Além de terem maior capacidade financeira, esses aplicadores se dispõem a esperar mais tempo para vender os papéis. Richard Lark Jr., diretor de relações com investidores da Gol, diz que os fundos de investimento no exterior costumam comprar ações com o intuito de mantê-las pelo prazo de três a cinco anos, o que ainda é raro no Brasil. Cerca de 75% dos acionistas da companhia aérea são estrangeiros. Essa participação, segundo Lark, é grande (especialmente por meio dos ADRs) porque a empresa foi a primeira a operar com aviação de baixo custo no Brasil. Portanto, existia um certo preconceito e falta de informação sobre o setor – que já é conhecido de longa data dos analistas nos Estados Unidos.

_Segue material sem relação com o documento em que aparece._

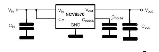 El circuito mostrado en la figura consta de un regulador de baja caída de tensión (LDO) para 200 mA. El circuito usa el NCV8570 de ON Semiconductor (www.onsemi.com). El circuito integrado utilizado puede ser elegido para tener tensiones de salida de 1,8 V, 2,5 V, 2,75 V, 2,8 V, 3,0 V y 3,3 V. El ruido es sólo 15 uVrms y tiene apagado térmico. Comprobar la disponibilidad del componente antes de realizar su uso en un proyecto.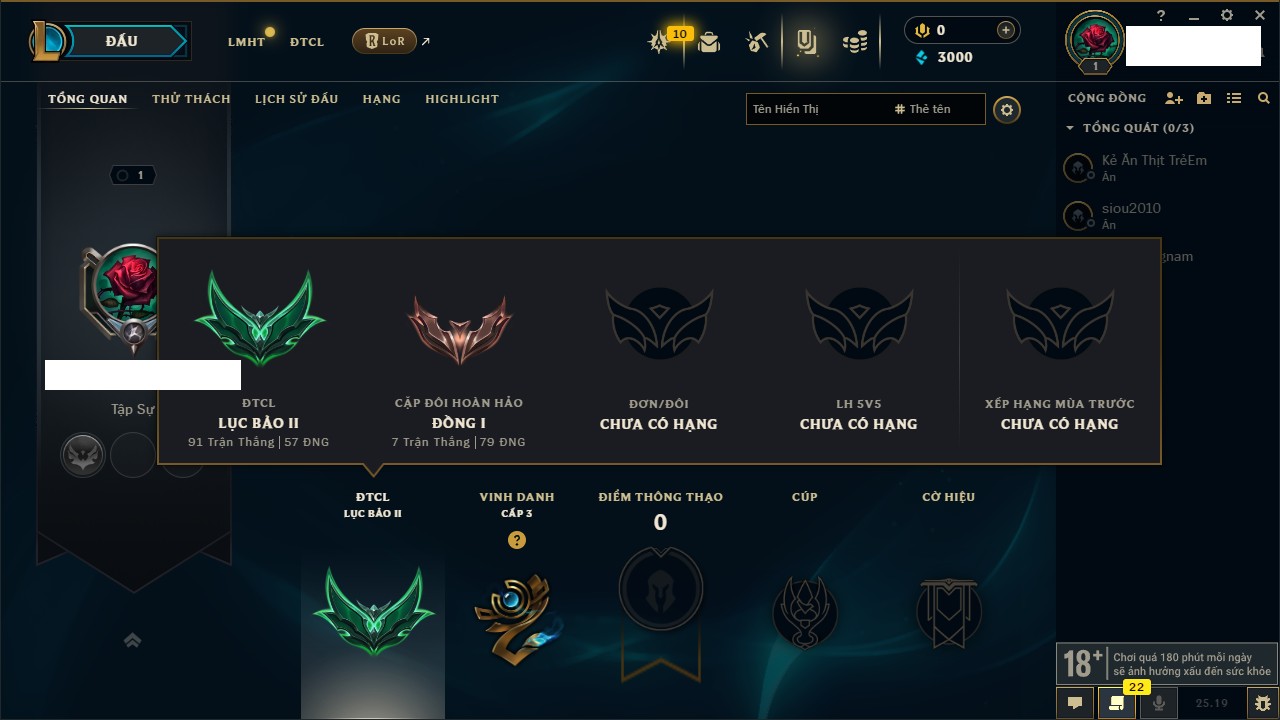 Rank Đơn: Chưa rank mùa nàoKhung: Chưa có khungTướng: 4 - Còn 12000 THXTrang Phục: 0Rank ĐTCL: Bạch Kim IIILinh Thú: 20

Ele acredita que o mercado brasileiro está se desenvolvendo bastante, e que esse processo não será abortado. Mas, por enquanto, o investidor nacional ainda é avesso ao risco e prefere as ações com boa liquidez, de companhias pertencentes a setores conhecidos e, preferencialmente, com receita em dólares, diz o executivo.


DIVERSIFICAÇÃO E VOLATILIDADE – Os estrangeiros são bem vindos pelas companhias e pelo mercado porque possibilitam a conquista de uma base de acionistas maior, com impactos positivos sobre o preço e a liquidez dos papéis. Além disso, uma composição diversificada de investidores é um fator importante para reduzir a volatilidade das ações. Pelo menos em tempos de normalidade. Quando a crise bate à porta, analistas consideram que a expressiva participação dos estrangeiros acaba por conferir maior velocidade à oscilação dos papéis. “O risco é de o dinheiro ir embora bem rapidamente se houver um movimento de realocação no exterior”, diz Neves.

Para um profissional de um grande banco, os investidores domésticos costumam dar maior estabilidade aos papéis em um cenário de crise pois, de forma geral, só dispõem da opção de investir dentro do Brasil. “É salutar ter uma mistura de locais com estrangeiros”, afirma ele. A participação ideal de investidores locais e internacionais, no entanto, não é facilmente identificável. “É difícil dizer se compensa mais ter um mercado menor, acompanhado de uma volatilidade menor, ou um mercado maior, que oscile mais”, diz Reginaldo Alexandre, diretor técnico da Associação dos Analistas e Profissionais de Investimento do Mercado de Capitais de São Paulo (Apimec). Por enquanto, pelo que indicam as últimas emissões, as companhias têm ficado com a segunda opção.